- Born: Ana Isabel Ramirez-Bosch January 25, 1976 Manila, Philippines
- Died: January 10, 2009 (aged 32) Manila, Philippines
- Occupations: singer, poet
- Known for: former vocalist of Tropical Depression
- Spouse: Jamie Wilson (estranged)

= Anabel Bosch =

Filipina musician

Ana Isabel "Anabel" Ramirez Bosch (January 25, 1976 - January 10, 2009) was a Filipina singer and poet who fronted several important Filipino rock bands.

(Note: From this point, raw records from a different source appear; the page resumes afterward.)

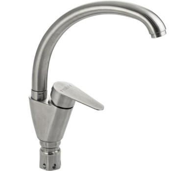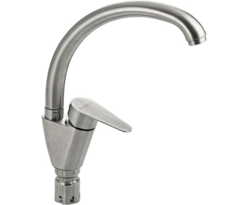 Смеситель для кухонной мойки и раковин, боковой, литой матовый корпус, из нержавеющей стали марки 304, с высоким С-образным изливом, шаровый. Крепление резьба - гайка, картридж d = 35 мм, ручка литая. Аэратор для экономии воды. Такая модель может использоваться на домашней кухне, на даче, в медицинских учреждениях и общественных местах. Габаритные размеры: высота 280 мм, длина 250 мм, диаметр посадочного седла 50 мм, длина резьбы 50 мм, длина подводки 500 мм. Вес - 1,110 кг, объём - 0,00433 м3. В комплекте паспорт, корпус с изливом, подводка 1/2, крепеж, набор прокладок.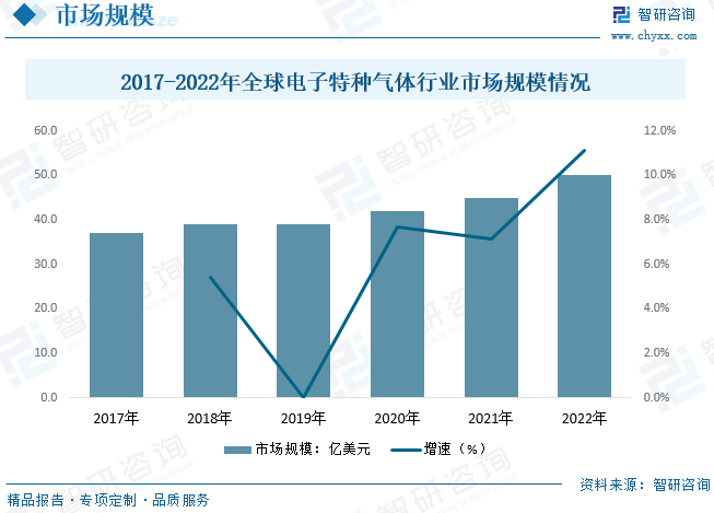 在集成電路以及(jí)相(xiàng)關下遊行業需求增(zēng)長的帶動下,全球電子特種氣體市(shì)場規模呈(chéng)現逐年穩步增長態勢(shì)。據統計,2022年全球電子特種氣體行(háng)業市場(chǎng)規模約為50.0億美元,同比增長(zhǎng)11.1%。
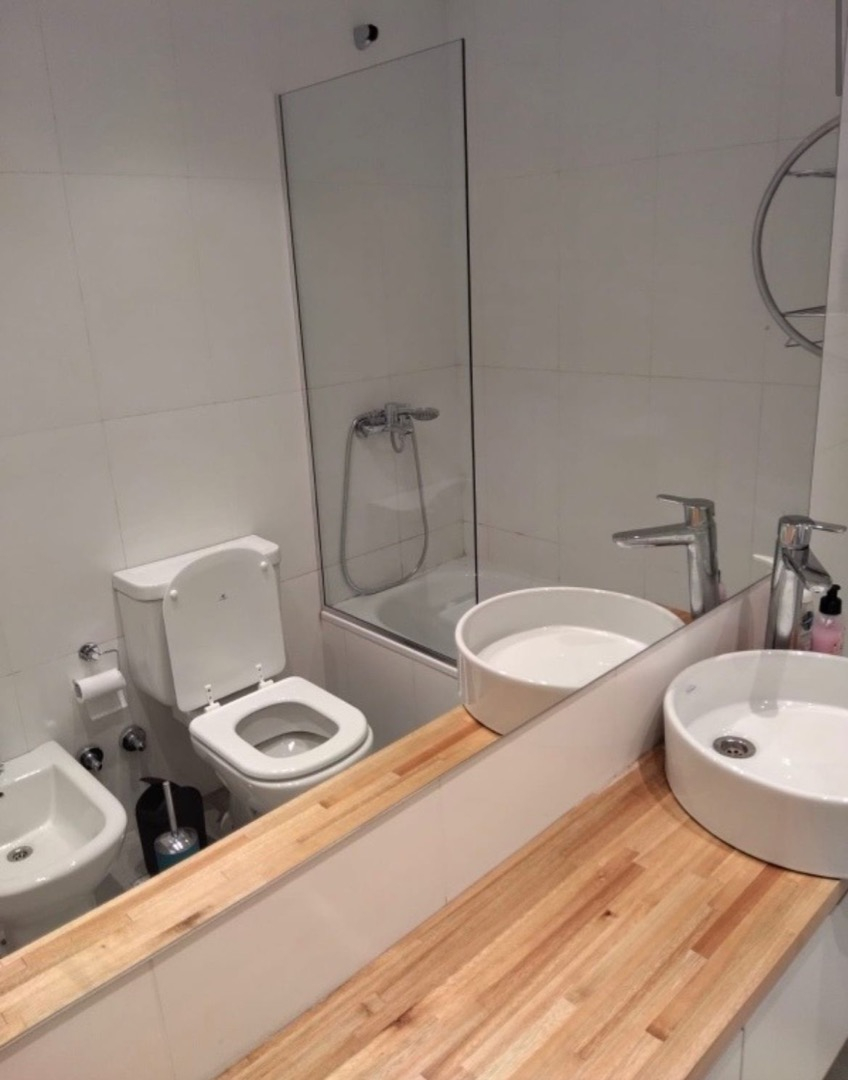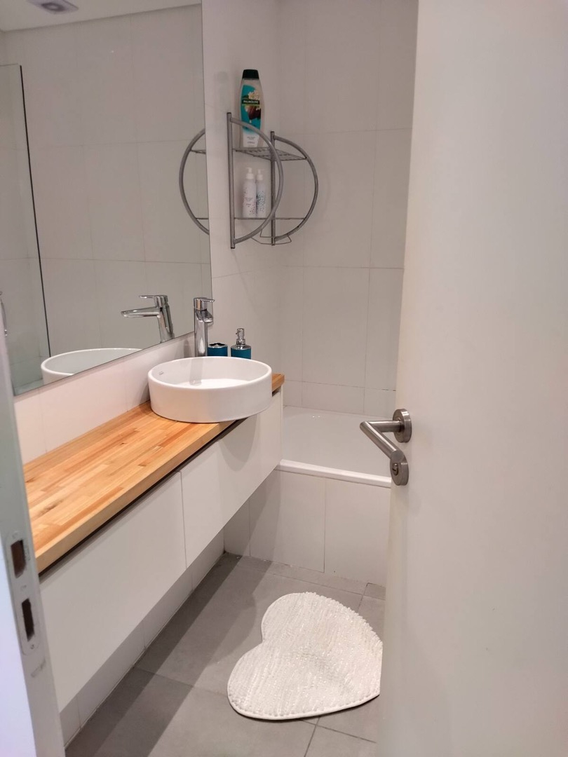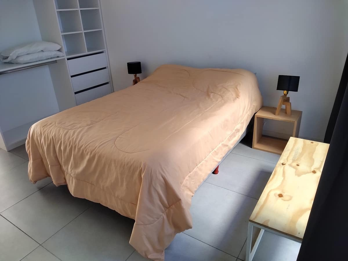 Sector de habitación dividida por placard, con cama matrimonial de dos plazas, placard y mesa de luz. Baño completo con bañera, bidé, inodoro, lava manos con espejo.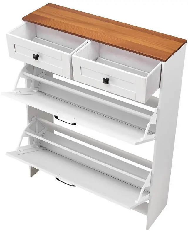 Color: White + Walnut,Item Model Number: ZH614,Style: 2 Flip-Drawers + 2 Drawers,Material: Particle Board + MDF,Item Dimensions: 31.5 x 9.45 x 41.34 in / 800 x 240 x 1050 mm,Top Load Capacity: 44.09 lbs / 20 kg,Net Weight: 42.99 lbs / 19.5 kg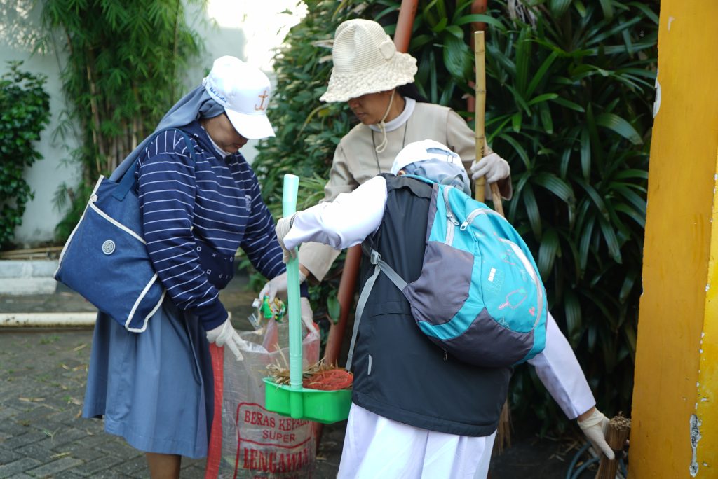 Dengan bekal sapu lidi, kantong sampah, alat pungut sampah, para Suster dan Bruder menyebar di sepanjang Jalan Letjen Suprapto bersama kelompok yang sudah ditentukan sebelumnya. Setelah itu, para Suster dan Bruder menuju Polder Tawang untuk bersiap menuangkan Eco Enzyme yang sudah disiapkan bersama-sama dengan Romo J.B. Rudy Hardono, Pr., Vikep Semarang.
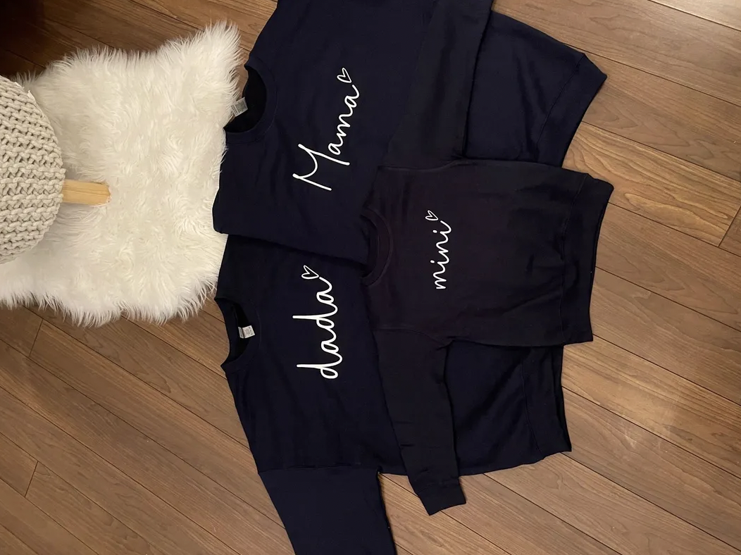 Shipping calculated at checkoutIntroducing our “Mama, Dada, Mini Crewnecks” collection, a perfect ensemble for stylish family bonding. This collection features matching crewneck sweatshirts for moms, dads, and their little ones, creating an adorable and coordinated look for the whole family. Crafted with the utmost comfort and style in mind, these crewnecks are made from premium materials to keep you cozy and fashion-forward.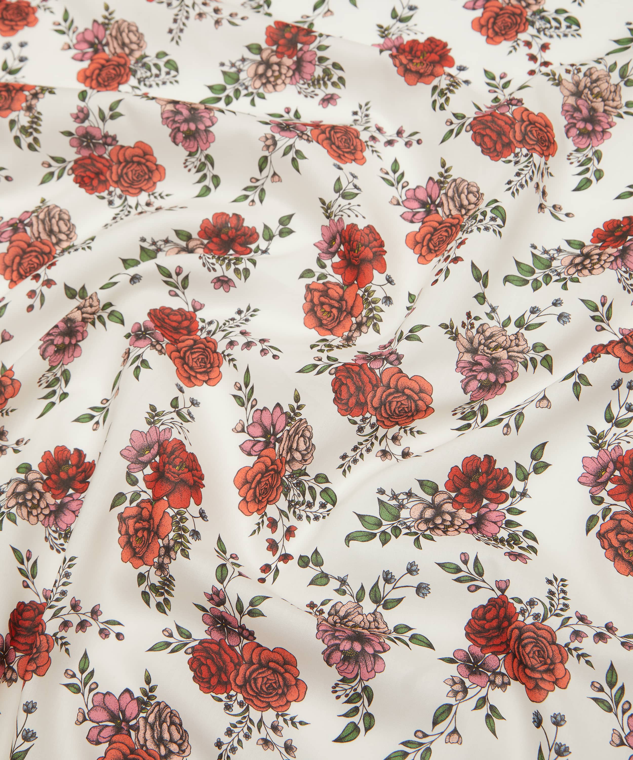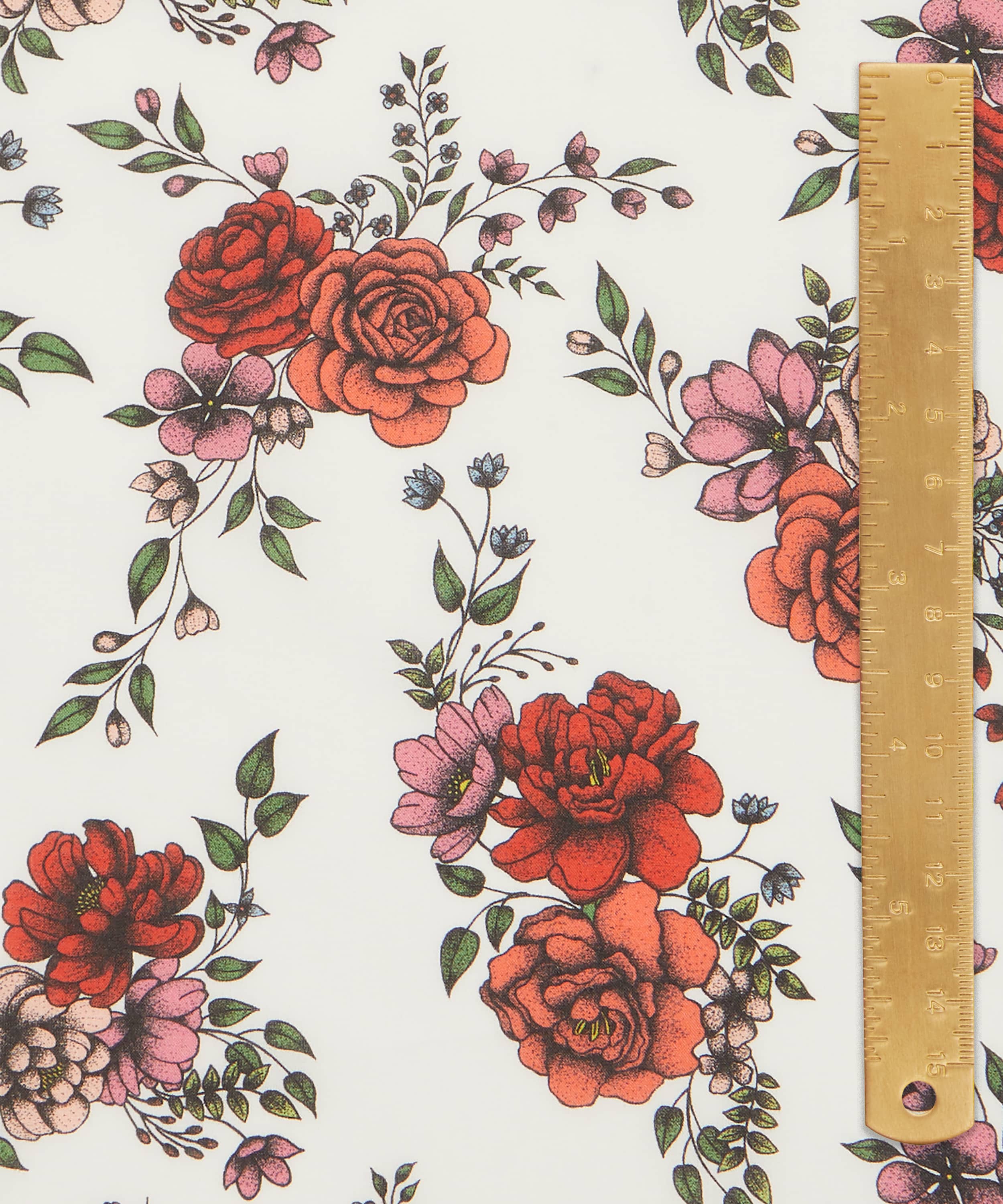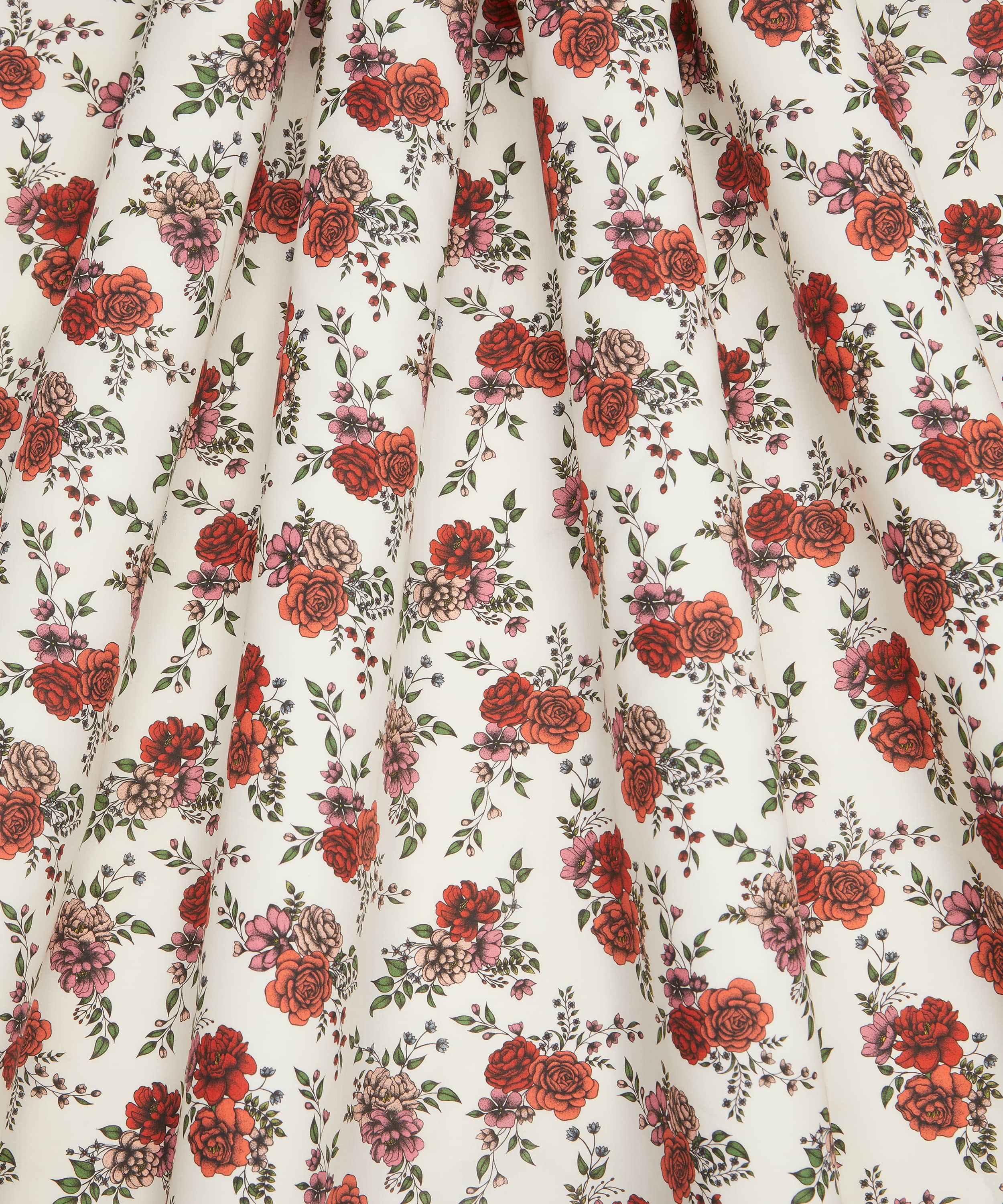 リバティデザインスタジオでファインライナーペンを使って手描きされたタトゥースタイルのつるが絡まった花柄のプリントです。タトゥーアートの繊細な針跡を彷彿とさせるこのデザインでは、バラとシャクヤクの花束が布の上を浮かぶように散りばめられ、多方向に繰り返し配置されています。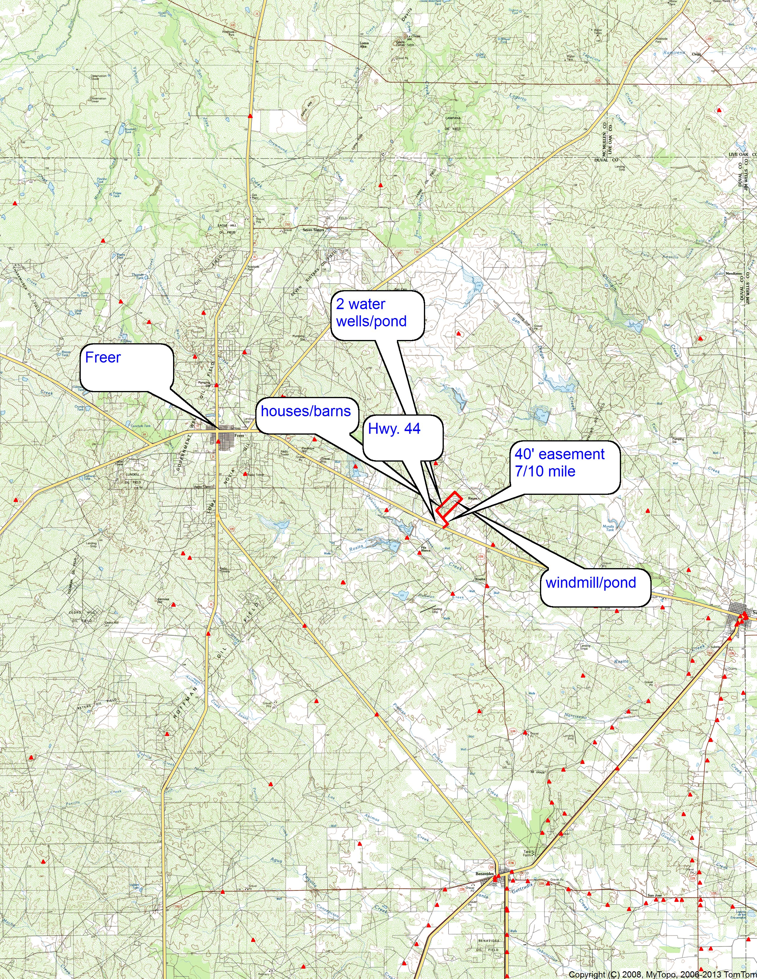Location: The ranch is about 10 miles East of Freer just off of Hwy. 44. There is an easement of about 7/10ths of a mile from Hwy. 44.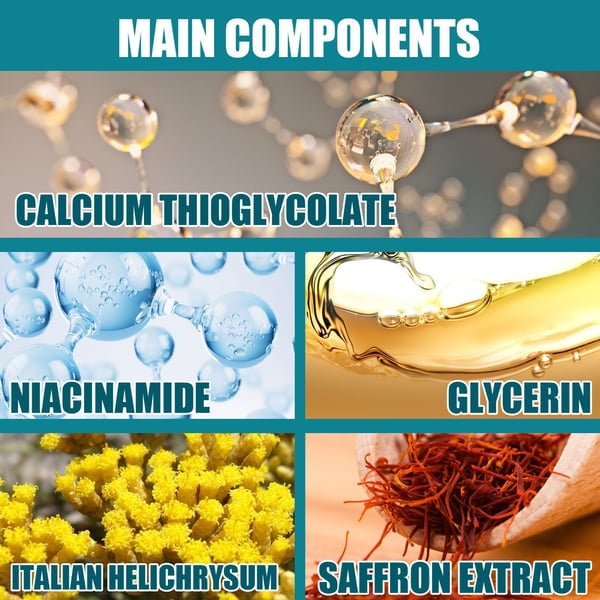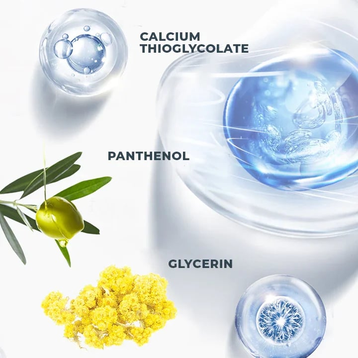 KĂ€rningredienser: Kalciumtioglykolat, Stearylalkohol, Niacinamid, Glycerin, Italiensk helichrysum, Bisabolol, JĂ€stextrakt, Saffransextrakt, Panthenol

Bosch's singing career started when she was in high school, when she became a regular at Club Dredd in Quezon City. She soon became a singer for Tropical Depression, a popular Filipino rock band in the late 1990s. She also sang for the rock bands Elektrikoolaid, Spy and Analog.

She was a member of the women's poetry movement "Romancing Venus", founded 2006 by Kooky Tuason, which spawned a spoken-word album and book.

Bosch was stricken with a brain aneurysm on New Year's Day 2009, and lapsed into unconsciousness. Her friends in the Filipino musical community staged various gigs and fundraising efforts to shoulder her medical expenses. She died on January 10, 2009.

Bosch was estranged from her husband, the stage and film actor Jamie Wilson. She has a daughter, Mishaela, from a previous relationship.